A boat's crew rowed 10.5 miles downstream, with the current, in 1.5 hours. The return trip upstream, against the current, covered the same distance, but took 3.5 hours. Find the crew's rowing rate in still water, and the rate of the current.
(Vb+Vc)1.5 = 10.5
Eq1: Vb + Vc = 7
(Vb-Vc)3.5 = 10.5
Eq2: Vb - Vc = 3
Add Eq1 and Eq2:
Vb + Vc = 7
Vb - Vc = 3
2Vb = 10
Vb = 5 mi/h
5 + Vc = 7
Vc = 2 mi/h.
To find the crew's rowing rate in still water and the rate of the current, we can set up a system of equations.
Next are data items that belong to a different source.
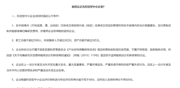 科技型中小企業(yè)評(píng)價(jià)辦法 第一章總則 第一條為貫徹落實(shí)《國(guó)家創(chuàng)新驅(qū)動(dòng)發(fā)展戰(zhàn)略綱要》,推動(dòng)大眾創(chuàng)業(yè)萬(wàn)眾創(chuàng)新,加速科技成果產(chǎn)業(yè)化,加大對(duì)科技型中小企業(yè)的精準(zhǔn)支持力度,壯大科技型中小企業(yè)群體,培育新的經(jīng)濟(jì)增長(zhǎng)點(diǎn),根據(jù)《深化科技體制改革實(shí)施方案》要求,制定本辦法。 第二條本辦法所稱的科技型中小企業(yè)是指依托一定數(shù)量的科技人員從事科學(xué)技術(shù)研究開(kāi)發(fā)活動(dòng),取得自主知識(shí)產(chǎn)權(quán)并將其轉(zhuǎn)化為高新技術(shù)產(chǎn)品或服務(wù),從而實(shí)現(xiàn)可持續(xù)發(fā)展的中小企業(yè)。 第三條科技型中小企業(yè)評(píng)價(jià)工作采取企業(yè)自主評(píng)價(jià)、省級(jí)科技管理部門組織實(shí)施、科技部服務(wù)監(jiān)督的工作模式,堅(jiān)持服務(wù)引領(lǐng)、放管結(jié)合、公開(kāi)透明的原則。 第四條科技部負(fù)責(zé)建設(shè)“全國(guó)科技型中小企業(yè)信息服務(wù)平臺(tái)”(以下簡(jiǎn)稱“服務(wù)平臺(tái)”)和“全國(guó)科技型中小企業(yè)信息庫(kù)”(以下簡(jiǎn)稱“信息庫(kù)”)?萍疾炕鹁娓呒夹g(shù)產(chǎn)業(yè)開(kāi)發(fā)中心負(fù)責(zé)服務(wù)平臺(tái)和信息庫(kù)建設(shè)與運(yùn)行的日常工作。 企業(yè)可根據(jù)本辦法進(jìn)行自主評(píng)價(jià),并按照自愿原則到服務(wù)平臺(tái)填報(bào)企業(yè)信息,經(jīng)公示無(wú)異議的,納入信息庫(kù)。 第五條各有關(guān)部門和各級(jí)人民政府應(yīng)當(dāng)對(duì)納入信息庫(kù)的科技型中小企業(yè)提供精準(zhǔn)支持和精準(zhǔn)服務(wù),制定的支持企業(yè)技術(shù)創(chuàng)新的政策措施應(yīng)優(yōu)先支持納入信息庫(kù)的企業(yè)。 第二章評(píng)價(jià)指標(biāo) 第六條科技型中小企業(yè)須同時(shí)滿足以下條件: (一)在中國(guó)境內(nèi)(不包括港、澳、臺(tái)地區(qū))注冊(cè)的居民企業(yè)。 (二)職工總數(shù)不超過(guò)500人、年銷售收入不超過(guò)2億元、資產(chǎn)總額不超過(guò)2億元。 (三)企業(yè)提供的產(chǎn)品和服務(wù)不屬于國(guó)家規(guī)定的禁止、限制和淘汰類。 (四)企業(yè)在填報(bào)上一年及當(dāng)年內(nèi)未發(fā)生重大安全、重大質(zhì)量事故和嚴(yán)重環(huán)境違法、科研嚴(yán)重失信行為,且企業(yè)未列入經(jīng)營(yíng)異常名錄和嚴(yán)重違法失信企業(yè)名單。 (五)企業(yè)根據(jù)科技型中小企業(yè)評(píng)價(jià)指標(biāo)進(jìn)行綜合評(píng)價(jià)所得分值不低于60分,且科技人員指標(biāo)得分不得為0分。 第七條科技型中小企業(yè)評(píng)價(jià)指標(biāo)具體包括科技人員、研發(fā)投入、科技成果三類,滿分100分。 1.科技人員指標(biāo)(滿分20分)。按科技人員數(shù)占企業(yè)職工總數(shù)的比例分檔評(píng)價(jià)。 A.30%(含)以上(20分) B.25%(含)-30%(16分) C.20%(含)-25%(12分) D.15%(含)-20%(8分) E.10%(含)-15%(4分) F.10%以下(0分) 2.研發(fā)投入指標(biāo)(滿分50分)。企業(yè)從(1)、(2)兩項(xiàng)指標(biāo)中選擇一個(gè)指標(biāo)進(jìn)行評(píng)分。 (1)按企業(yè)研發(fā)費(fèi)用總額占銷售收入總額的比例分檔評(píng)價(jià)。 A.6%(含)以上(50分) B.5%(含)-6%(40分) C.4%(含)-5%(30分) D.3%(含)-4%(20分) E.2%(含)-3%(10分) F.2%以下(0分) (2)按企業(yè)研發(fā)費(fèi)用總額占成本費(fèi)用支出總額的比例分檔評(píng)價(jià)。 A.30%(含)以上(50分) B.25%(含)-30%(40分) C.20%(含)-25%(30分) D.15%(含)-20%(20分) E.10%(含)-15%(10分) F.10%以下(0分) 3.科技成果指標(biāo)(滿分30分)。按企業(yè)擁有的在有效期內(nèi)的與主要產(chǎn)品(或服務(wù))相關(guān)的知識(shí)產(chǎn)權(quán)類別和數(shù)量(知識(shí)產(chǎn)權(quán)應(yīng)沒(méi)有爭(zhēng)議或糾紛)分檔評(píng)價(jià)。 A.1項(xiàng)及以上Ⅰ類知識(shí)產(chǎn)權(quán)(30分) B.4項(xiàng)及以上Ⅱ類知識(shí)產(chǎn)權(quán)(24分) C.3項(xiàng)Ⅱ類知識(shí)產(chǎn)權(quán)(18分) D.2項(xiàng)Ⅱ類知識(shí)產(chǎn)權(quán)(12分) E.1項(xiàng)Ⅱ類知識(shí)產(chǎn)權(quán)(6分) F.沒(méi)有知識(shí)產(chǎn)權(quán)(0分) 第八條符合第六條第(一)~(四)項(xiàng)條件的企業(yè),若同時(shí)符合下列條件中的一項(xiàng),則可直接確認(rèn)符合科技型中小企業(yè)條件: (一)企業(yè)擁有有效期內(nèi)高新技術(shù)企業(yè)資格證書(shū); (二)企業(yè)近五年內(nèi)獲得過(guò)國(guó)家級(jí)科技獎(jiǎng)勵(lì),并在獲獎(jiǎng)單位中排在前三名; (三)企業(yè)擁有經(jīng)認(rèn)定的省部級(jí)以上研發(fā)機(jī)構(gòu); (四)企業(yè)近五年內(nèi)主導(dǎo)制定過(guò)國(guó)際標(biāo)準(zhǔn)、國(guó)家標(biāo)準(zhǔn)或行業(yè)標(biāo)準(zhǔn)。 第九條科技型中小企業(yè)評(píng)價(jià)指標(biāo)的說(shuō)明: (一)企業(yè)科技人員是指企業(yè)直接從事研發(fā)和相關(guān)技術(shù)創(chuàng)新活動(dòng),以及專門從事上述活動(dòng)管理和提供直接服務(wù)的人員,包括在職、兼職和臨時(shí)聘用人員,兼職、臨時(shí)聘用人員全年須在企業(yè)累計(jì)工作6個(gè)月以上。 (二)企業(yè)職工總數(shù)包括企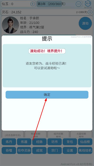 3、渡劫成功后,會彈出提示界面,點擊確定,即可確認境界提升,繼續(xù)修仙之路。
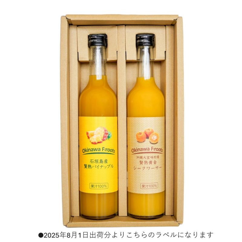 贅熟 沖縄果実のジュースシリーズの中から、石垣島産パインアップルジュースと大宜味村産黄金シークヮーサージュースの2本をセットに。内容量:各500ml賞味期限:パインアップルジュース/製造日より540日、黄金シークヮーサージュース/製造日より360日※ギフトボックス入り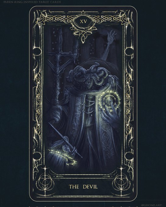 XV. The Devil, 𝐄𝐥𝐝𝐞𝐧 𝐑𝐢𝐧𝐠 Tarot. Mohg, Lord of Blood, he is one of the demigod children of Godfrey and Marika, and the twin brother of Morgott, both of which were Omen. #illustrationart #tarotcards #eldenring #eldenringart #Soulsborne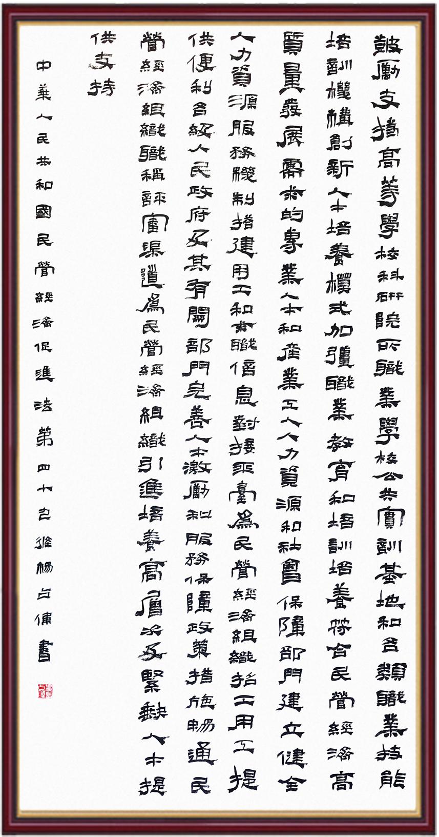《中華人民共和國民營經濟促進法》自今年5月20日起施行。作為我國首部專門關于民營經濟發(fā)展的基礎性法律,民營經濟促進法將支持和保障民營經濟發(fā)展的法律制度融入中國特色社會主義法律體系,具有重大的法治意義,為促進民營經濟持續(xù)、健康、高質量發(fā)展提供了堅實的法治保障。為更好地學習、宣傳、貫徹這部法律,法治日報社聯(lián)合司法部普法與依法治理局,開展“‘書·法’系列活動之書寫《中華人民共和國民營經濟促進法》”活動。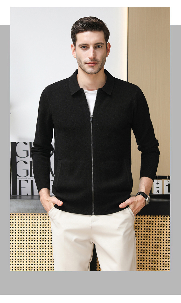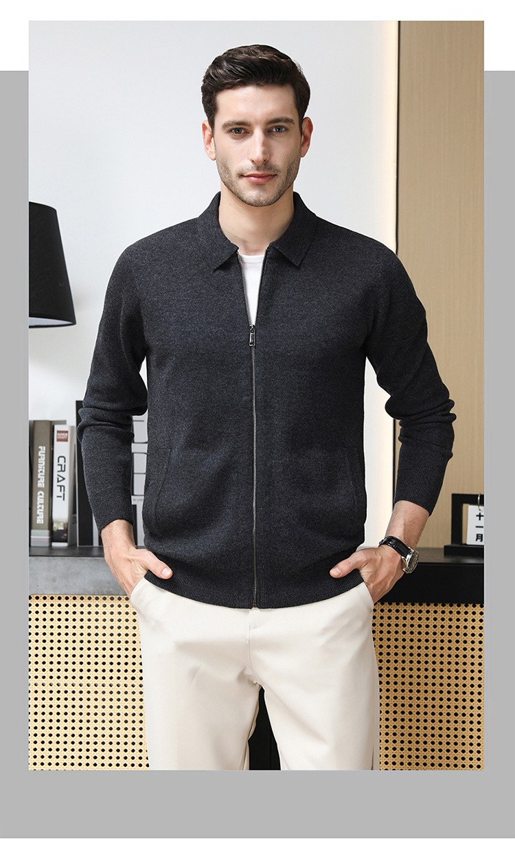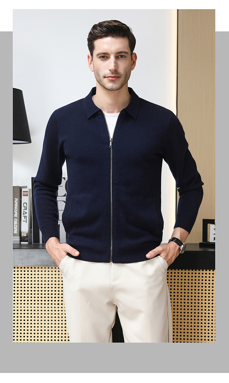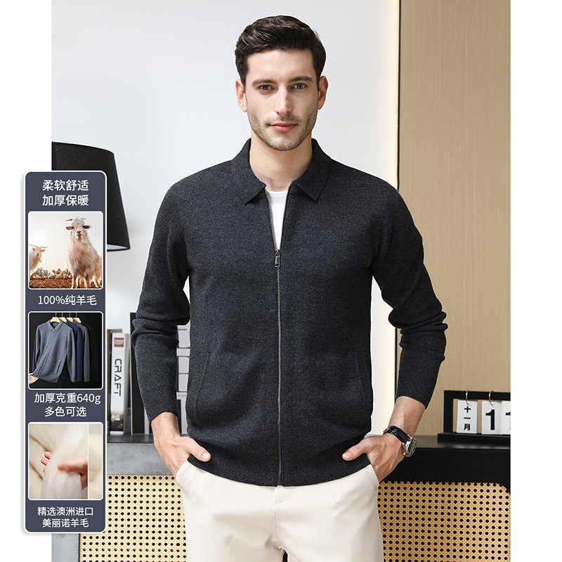 4 가닥 80 호주 슈퍼 핀 메리노 100 울 입술 지퍼 두꺼운 양모 카디건 겨울 따뜻한 중년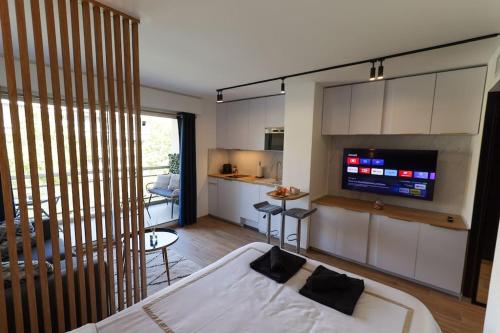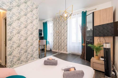Located in Cannes (Carnot), this apartment is within a 15-minute walk of Promenade de la Croisette and Palace of Festivals and Conferences. This apartment is 0.6 mi (1 km) from Cannes Harbour and 10.9 mi (17.6 km) from Marineland Antibes.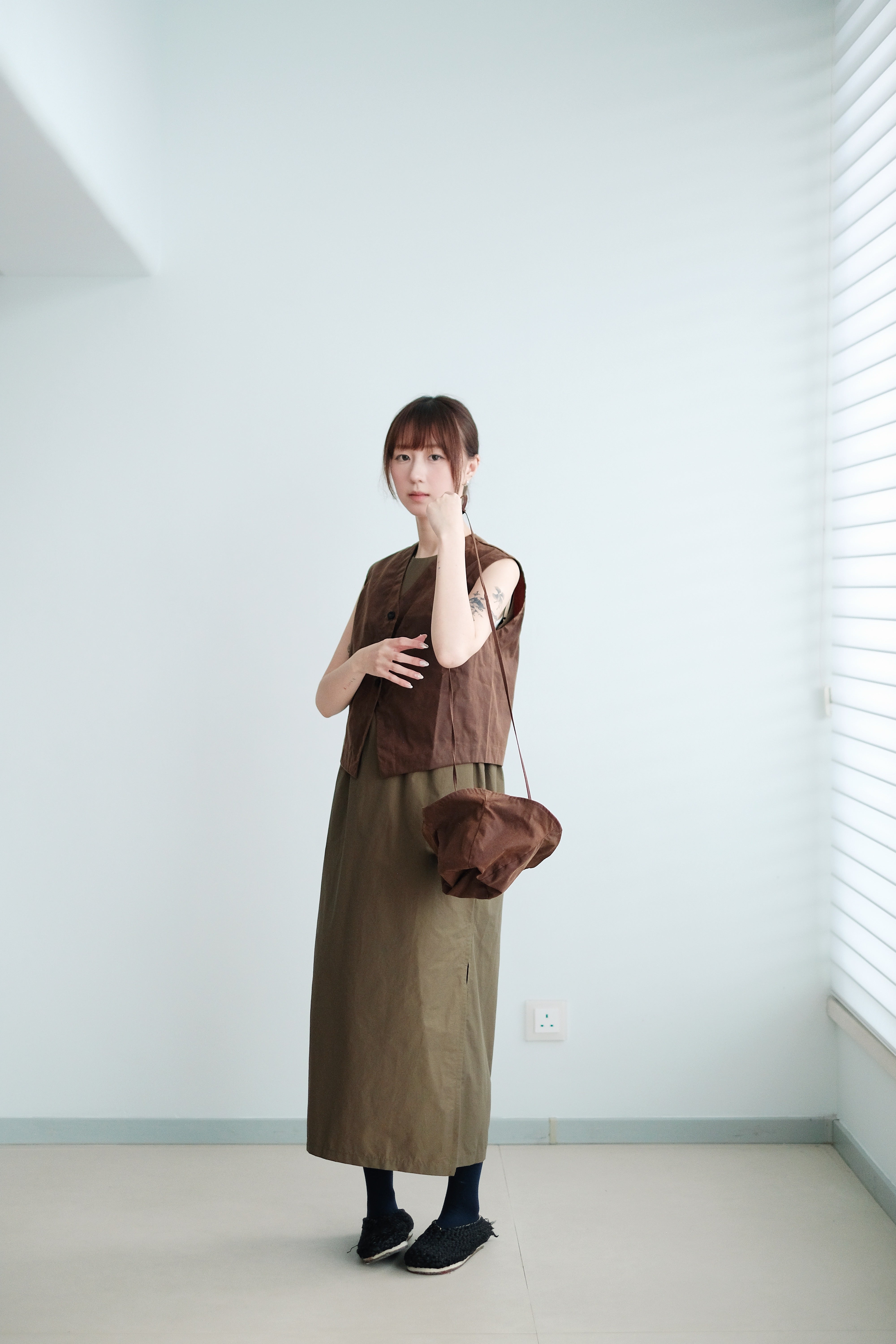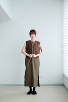 Crafted from waxed cotton fabric, this vest has a subtle matte sheen and a slightly structured touch. The wax finish adds a unique texture that feels both soft and resilient, giving off a quiet vintage charm. Perfect for layering over shirts or tees, it enhances the silhouette with depth and balance — a timeless piece that blends rugged character with everyday simplicity.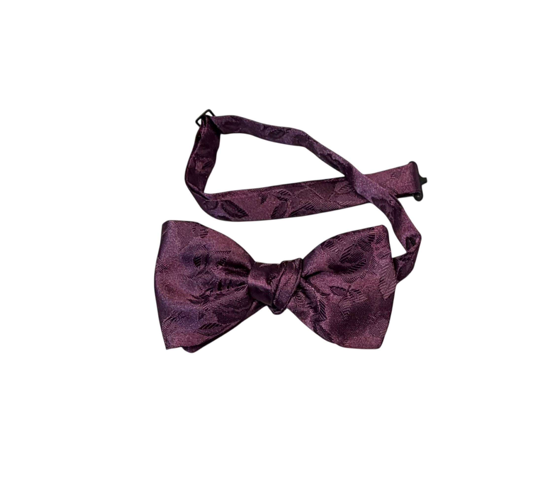 Handmade Pre-tied Bow Tie - Berry Rose Satin Jacquard - Adult Men's Sizing - Crafted in the USA by Holiday Bow Ties, llc - The "Lee" Bow Tie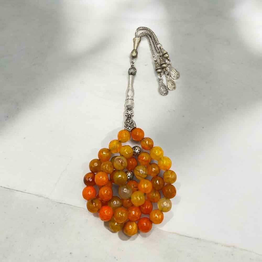 سبحة أنيقة مصنوعة من حجر العقيق الأصفر البرازيلي الطبيعي، بتفصيل دقيق يبرز جمال اللون ونعومة الملمس. تصميم حصري من متجر البانا لعشاق التميز.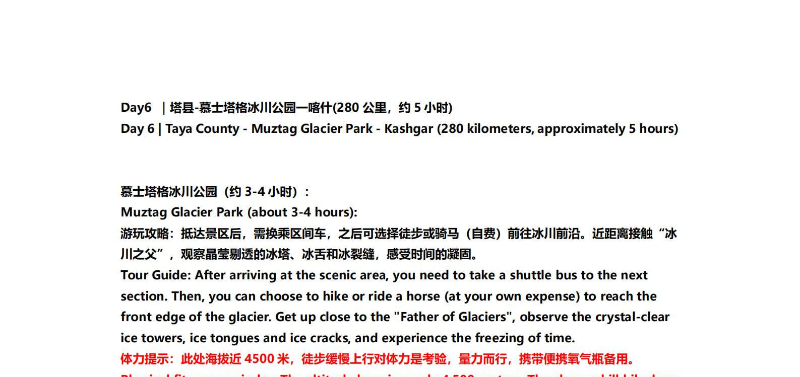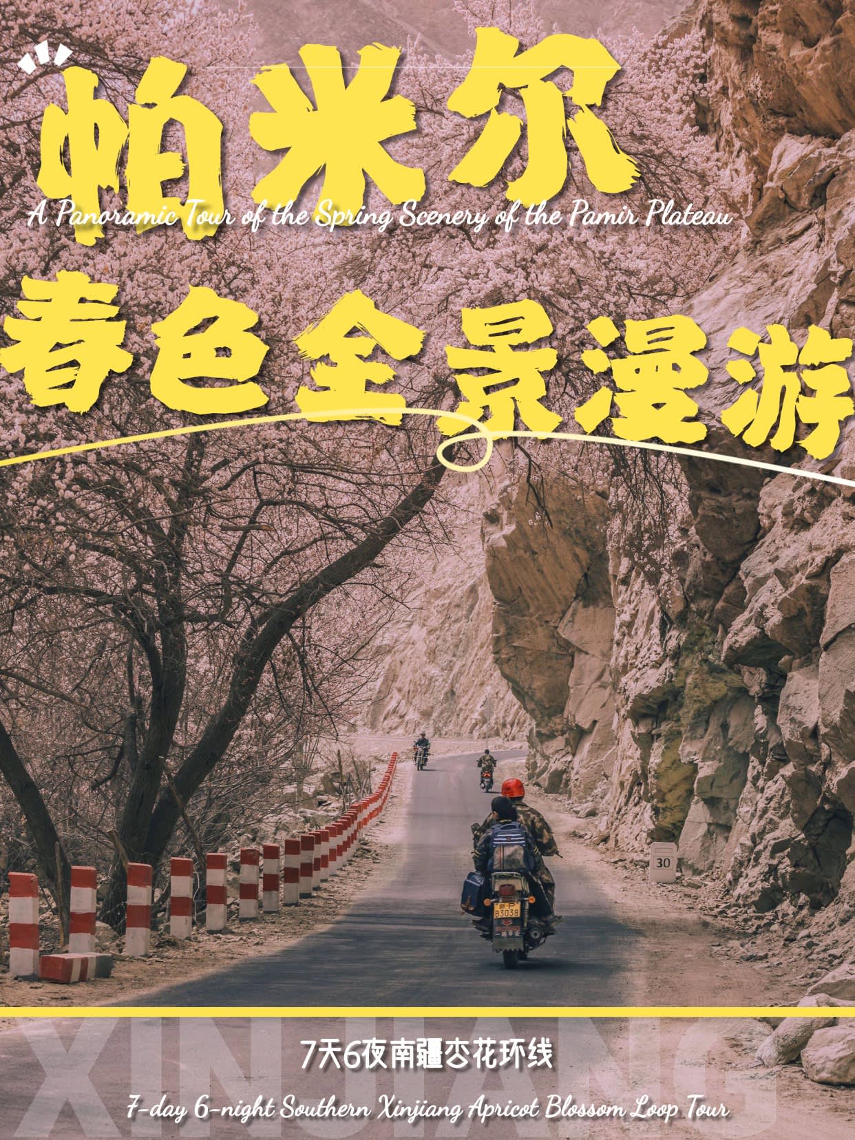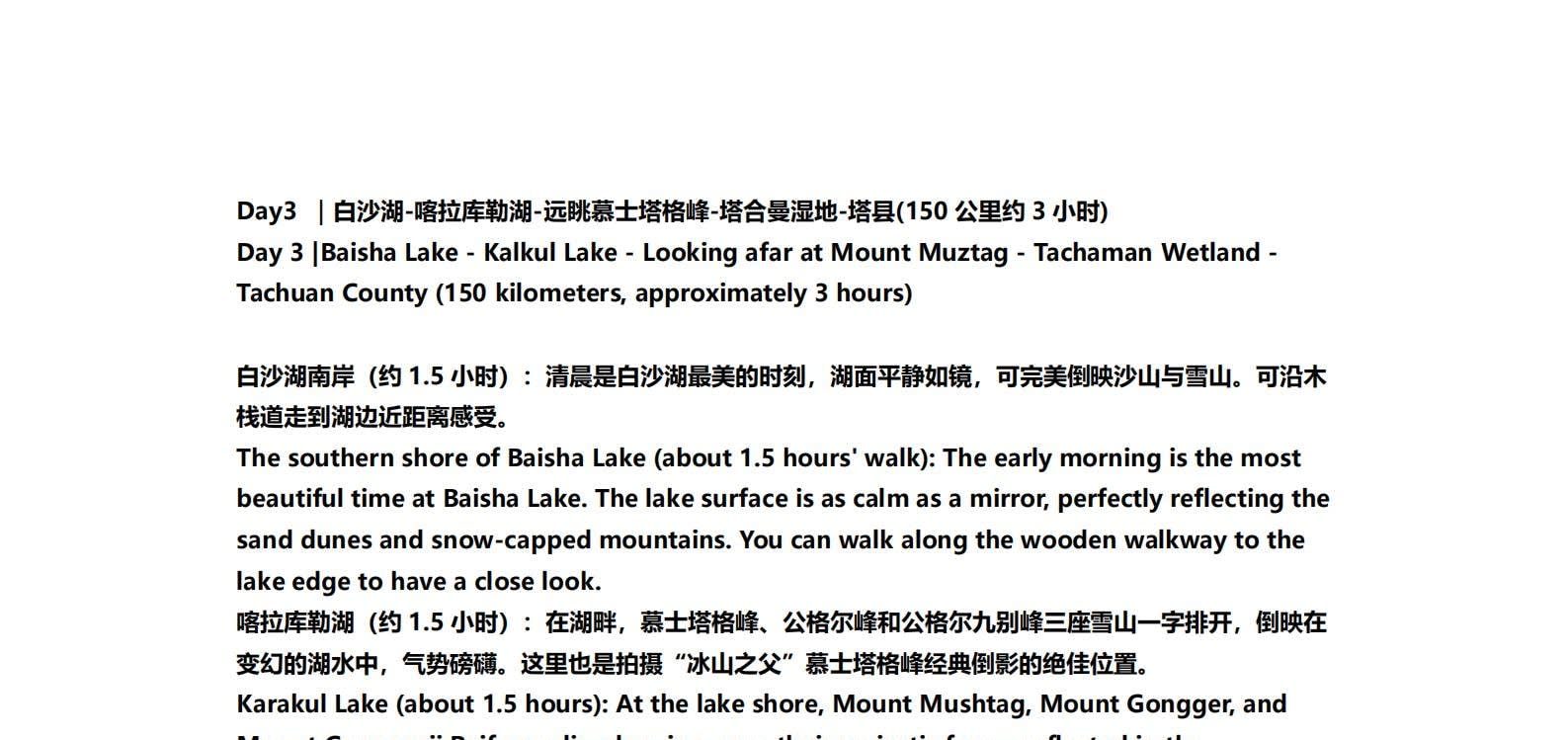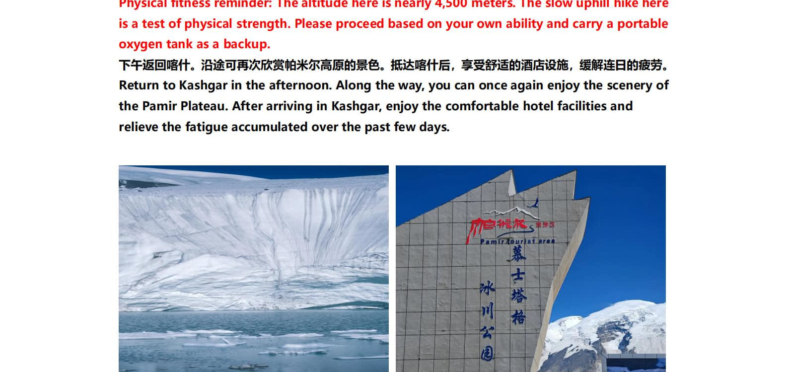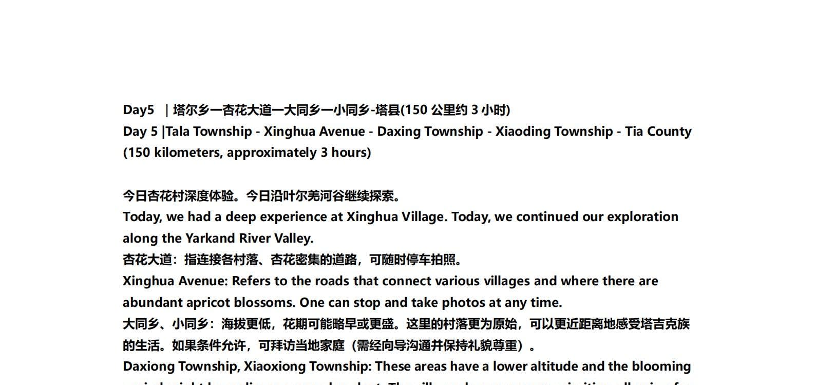 1일차: 카슈가르 집결 2일차: 카슈가르 - 바이샤 호수 - 바이샤 호수 북쪽 경사면 - 무지 화산 분화구 - 바이샤 호수 3일차: 바이샤 호수 - 칼쿨 호수 - 무즈타그 산 조망 - 타차만 습지 - 타촨현 4일차: 타이현 - 판룽 고대 도로 - 반디에르 블루 호수 - 행복 5호 다리 - 타이르향 - 싱화촌 (개화 시기: 3월 중순~하순, 4월 초) 5일차: 탈라향 - 싱화대로 - 다싱향 - 샤오딩향 - 티아현 6일차: 타야현 - 무즈타그 빙하 공원 - 카슈가르 7일차: 카슈가르 개막식 - 금메달 설명 - 고대 도시 시티워크 - 카슈가르 자유 투어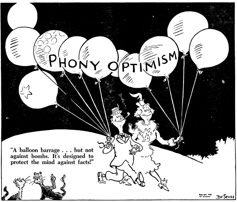 The emergence of fake news is also not new. Misinformation, as expressed in the lead photo above, has long been rampant. Geisel felt that America was not doing enough to combat Hitler’s forces, a favorite subject of his pen.

Let's denote the crew's rowing rate in still water as "x" and the rate of the current as "y".
Downstream:
The distance covered is 10.5 miles and the time taken is 1.5 hours. When rowing downstream, the crew's effective speed is increased by the rate of the current. So the equation for the downstream trip is:
10.5 = (x + y) * 1.5
Upstream:
The distance covered is still 10.5 miles, but the time taken is now 3.5 hours. When rowing upstream, the crew's effective speed is decreased by the rate of the current. So the equation for the upstream trip is:
10.5 = (x - y) * 3.5
Now we have a system of two equations:
1) 10.5 = (x + y) * 1.5
2) 10.5 = (x - y) * 3.5
To solve this system, we can begin by simplifying the equations:
1) 10.5 = 1.5x + 1.5y
2) 10.5 = 3.5x - 3.5y
Next, we can rearrange equation 1 to solve for x in terms of y:
1) 10.5 - 1.5y = 1.5x
Divide both sides by 1.5:
(10.5 - 1.5y) / 1.5 = x
Simplify:
7 - y = x
Now we substitute this value of x in equation 2:
2) 10.5 = 3.5(7 - y) - 3.5y
Distribute:
10.5 = 24.5 - 3.5y - 3.5y
Combine like terms:
10.5 = 24.5 - 7y
Move the constant to the other side of the equation:
7y = 24.5 - 10.5
7y = 14
Divide both sides by 7:
y = 2
Now that we have the value of y, we can substitute it back into equation 1 to find x:
1) 10.5 = 1.5x + 1.5(2)
Simplify:
10.5 = 1.5x + 3
Subtract 3 from both sides:
7.5 = 1.5x
Divide both sides by 1.5:
x = 5
Therefore, the crew's rowing rate in still water is 5 miles per hour, and the rate of the current is 2 miles per hour.